──────── Dataset excerpts ────────

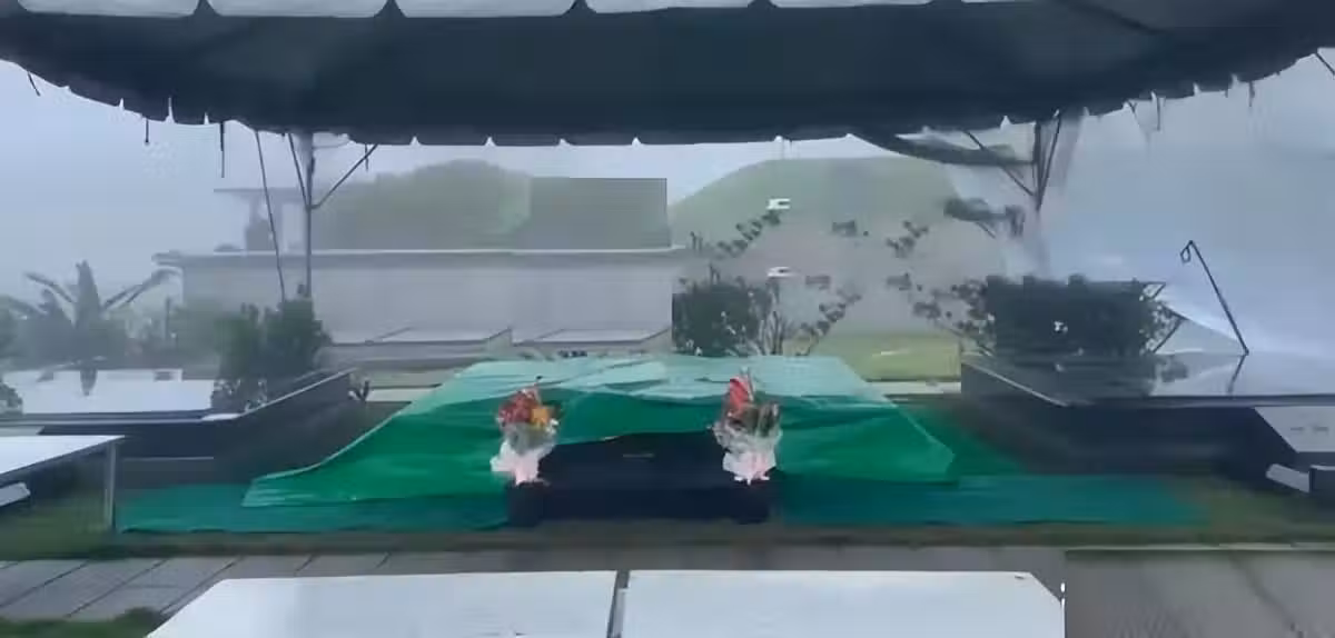 15日安葬當天下大雨,所以大S的墓位上撐著一個白色的雨棚。
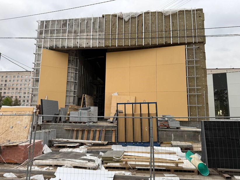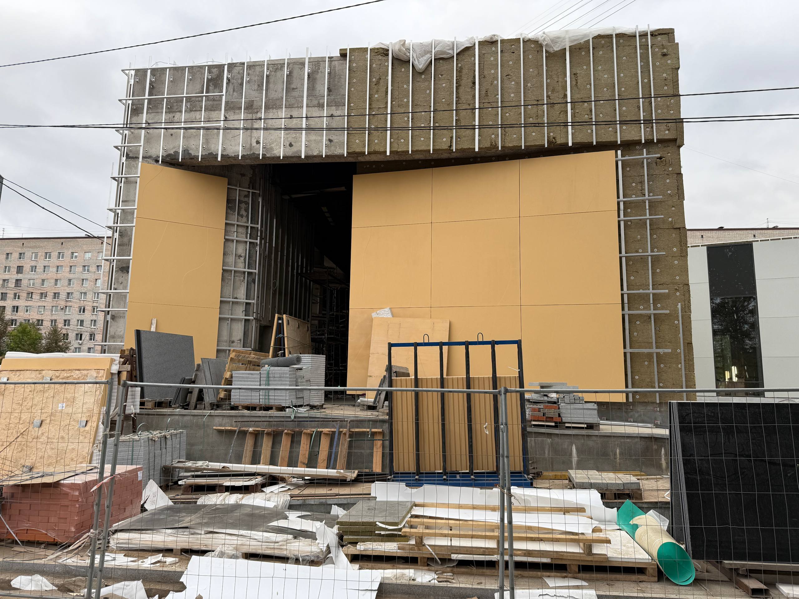 В настоящее время на станции продолжаются работы по установке вентилируемого фасада.
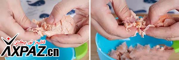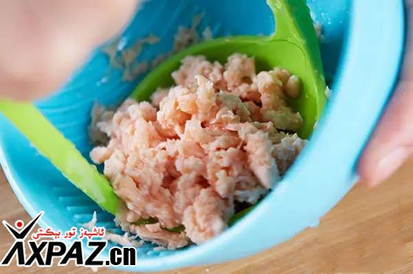 7. ئەمدى قۇلىمىزنى پاكىز يۇيۇپ ، دۈملەپ پىشۇرۇپ بولغان بېلىقنى ئۇششاق قىلىپ پارچىلىۋالىمىز .
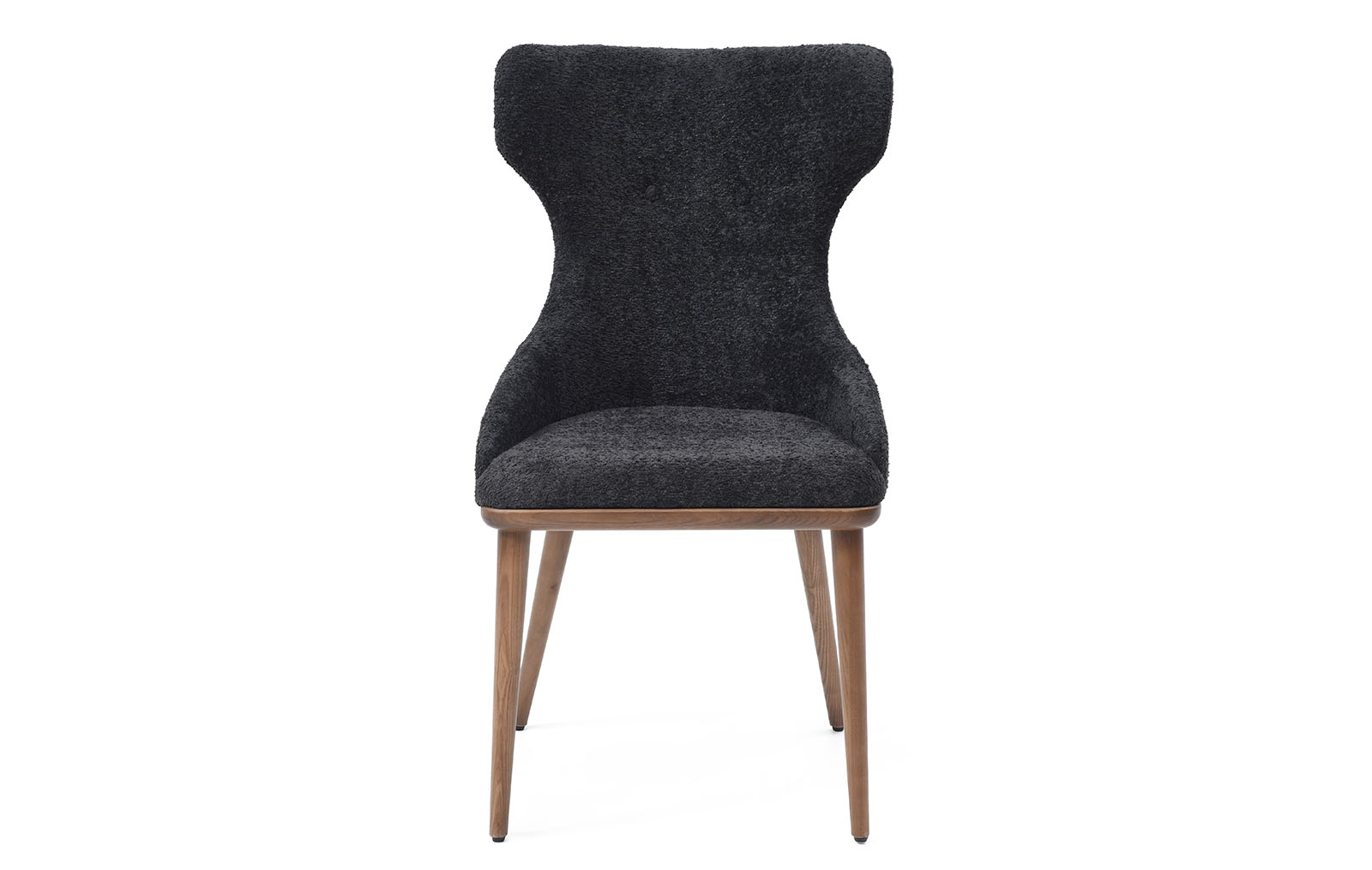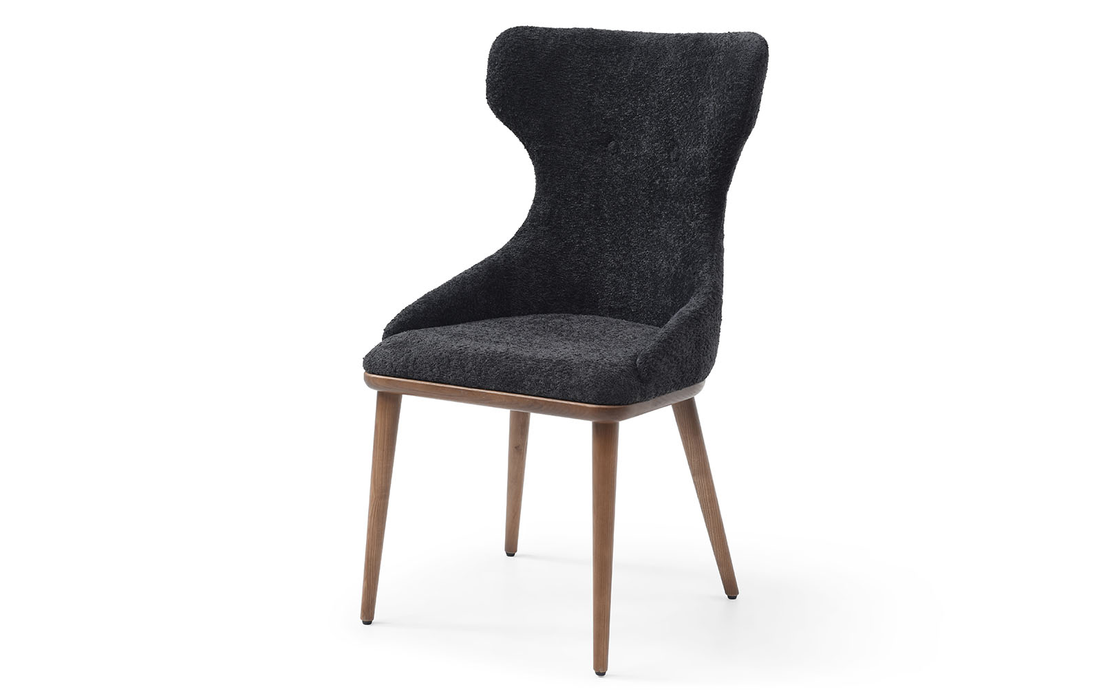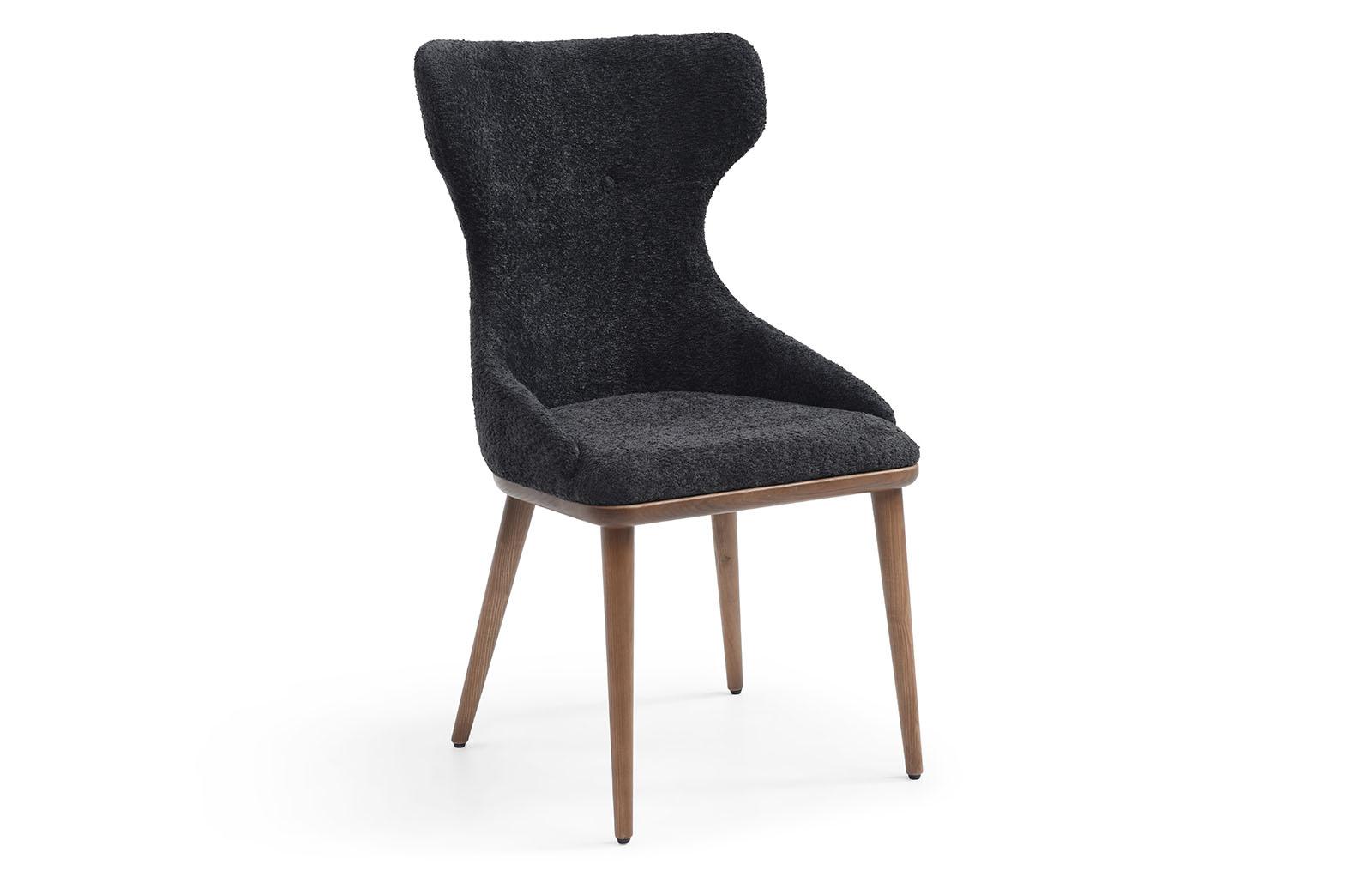 Обеденный стул Augusta (Августа) имеет обивку из ткани графитового оттенка и ножки из дерева в оттенке ореха.
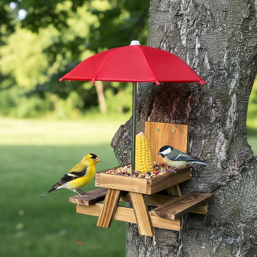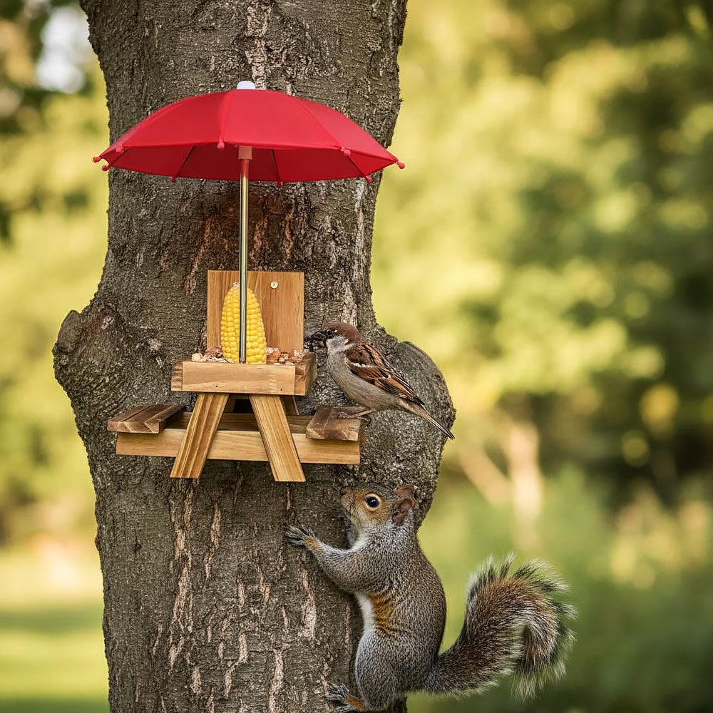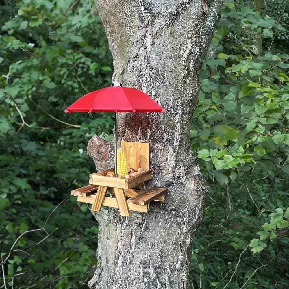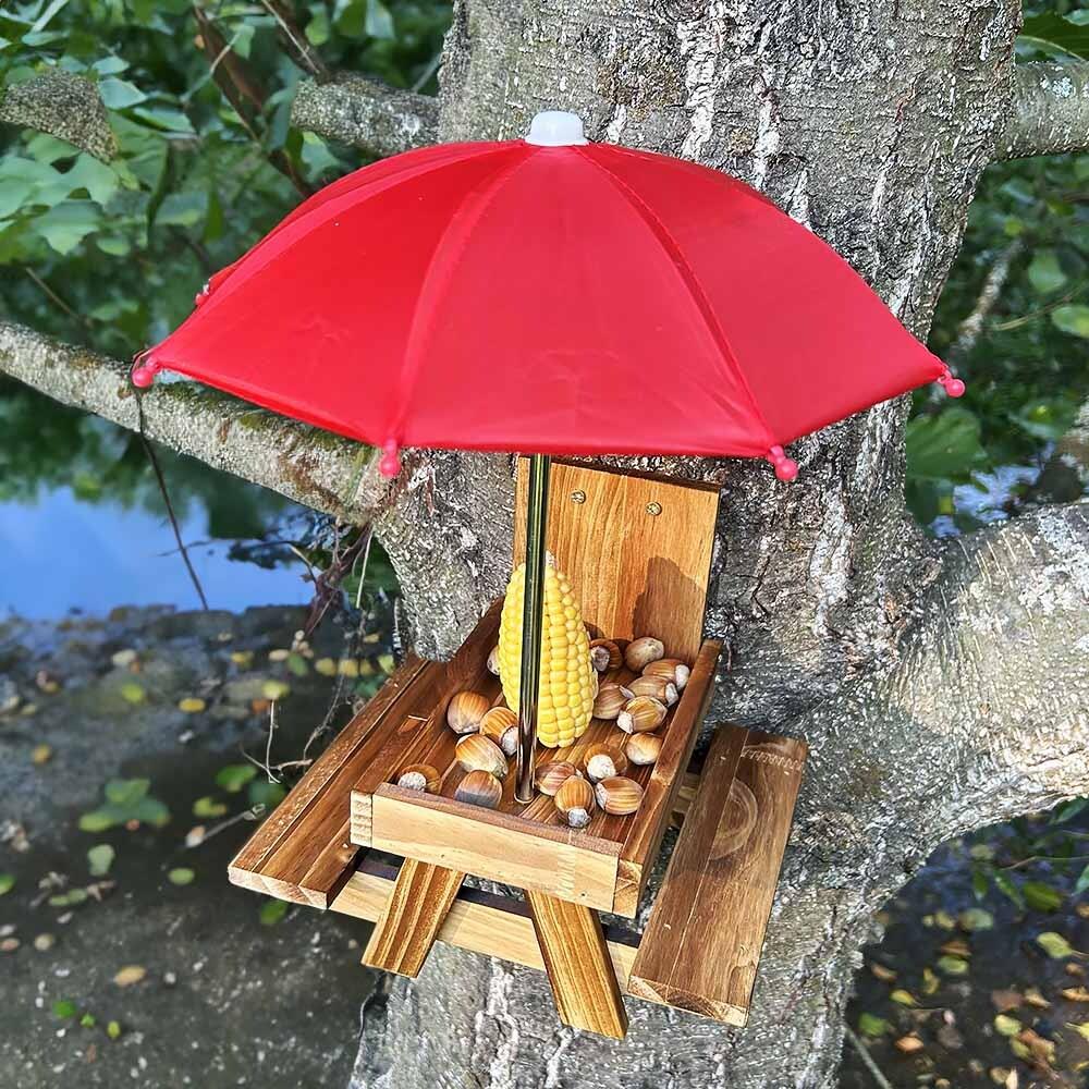 Také rádi přilepšíte ptáčkům, kteří létají na vaši zahradu nebo vás navštěvují na balkóně či na terase? Tak to jistě máte doma krmítko, do kterého jim sypete dobroty. Na trhu je jich spousty, my však pro vás máme jedno takové, s nímž bude sledování divokých návštěvníků ještě větší zábava! Veselé dřevěné krmítko totiž vypadá jako klasický piknikový stůl a navíc je k němu i deštník! Ptáčci nebo veverky a jiná zvířátka tak budou mít vtipné posezení podobné tomu lidskému, s deštníkem, který ochrání jejich jídlo před kapkami deště i slunečními paprsky. Udělejte malým návštěvníkům radost a umístěte jej třeba na plot a pak už jen sledujte, jak si pochutnávají na všech těch lahůdkách, které jste jim naservírovali. Budete tak ještě o maličko blíže přírodě a sledování zvířátek vám třeba spolu s šálkem dobré kávy uklidní mysl a zlepší den.

────────

Please print the data above in its entirety, exactly, but without any picture.

* **Reply**:
 15日安葬當天下大雨,所以大S的墓位上撐著一個白色的雨棚。
 В настоящее время на станции продолжаются работы по установке вентилируемого фасада.
 7. ئەمدى قۇلىمىزنى پاكىز يۇيۇپ ، دۈملەپ پىشۇرۇپ بولغان بېلىقنى ئۇششاق قىلىپ پارچىلىۋالىمىز .
 Обеденный стул Augusta (Августа) имеет обивку из ткани графитового оттенка и ножки из дерева в оттенке ореха.
 Také rádi přilepšíte ptáčkům, kteří létají na vaši zahradu nebo vás navštěvují na balkóně či na terase? Tak to jistě máte doma krmítko, do kterého jim sypete dobroty. Na trhu je jich spousty, my však pro vás máme jedno takové, s nímž bude sledování divokých návštěvníků ještě větší zábava! Veselé dřevěné krmítko totiž vypadá jako klasický piknikový stůl a navíc je k němu i deštník! Ptáčci nebo veverky a jiná zvířátka tak budou mít vtipné posezení podobné tomu lidskému, s deštníkem, který ochrání jejich jídlo před kapkami deště i slunečními paprsky. Udělejte malým návštěvníkům radost a umístěte jej třeba na plot a pak už jen sledujte, jak si pochutnávají na všech těch lahůdkách, které jste jim naservírovali. Budete tak ještě o maličko blíže přírodě a sledování zvířátek vám třeba spolu s šálkem dobré kávy uklidní mysl a zlepší den.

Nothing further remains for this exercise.